WORK REQUIRED: I need every line from the start of the material below up to and including the line containing "Kreatywna układanka dla", restated exactly, with the pictures omitted.

SUPPLIED MATERIAL:
****************************************
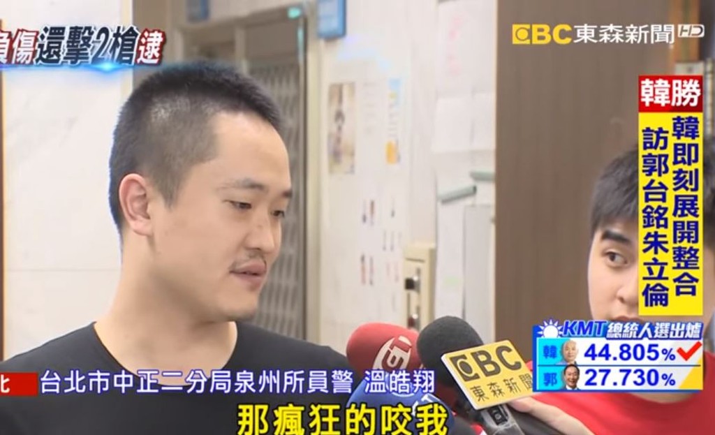 台北市中正二分局泉州派出所警員溫皓翔、李陏恩14日晚間11點多巡邏時,發現一名沈姓詐欺通緝犯,立即展開追捕;期間對方竟然狠咬溫員,導致他的虎口當場血肉模糊。警方表示,由於沈男一直持刀亂揮,為自保朝他腿部連開2槍。
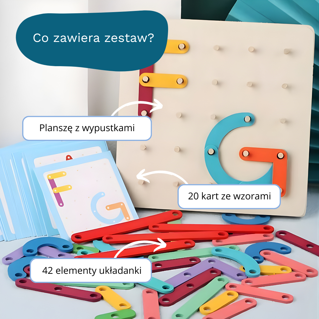 Kreatywna układanka dla dzieci, która uczy kształtów, kolorów, liter i cyfr. Dzięki kolorowym elementom i wielu wzorom maluch ćwiczy koncentrację, precyzję i wyobraźnię poprzez angażującą zabawę.
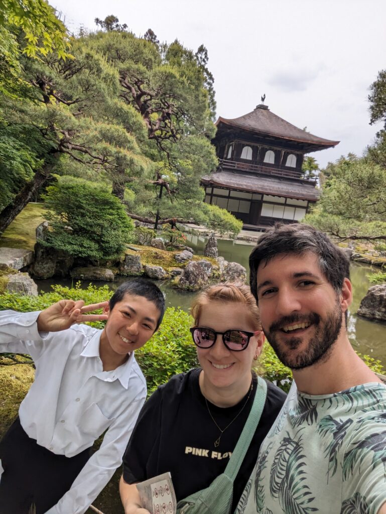 Nous arrivons au Gingaku-jin, le « pavillon d’argent », un peu décevant au vue de sa réputation mais de belles photos quand même surtout quand un élève japonais nous photo bomb.
****************************************
ANSWER SECTION:
 台北市中正二分局泉州派出所警員溫皓翔、李陏恩14日晚間11點多巡邏時,發現一名沈姓詐欺通緝犯,立即展開追捕;期間對方竟然狠咬溫員,導致他的虎口當場血肉模糊。警方表示,由於沈男一直持刀亂揮,為自保朝他腿部連開2槍。
 Kreatywna układanka dla dzieci, która uczy kształtów, kolorów, liter i cyfr. Dzięki kolorowym elementom i wielu wzorom maluch ćwiczy koncentrację, precyzję i wyobraźnię poprzez angażującą zabawę.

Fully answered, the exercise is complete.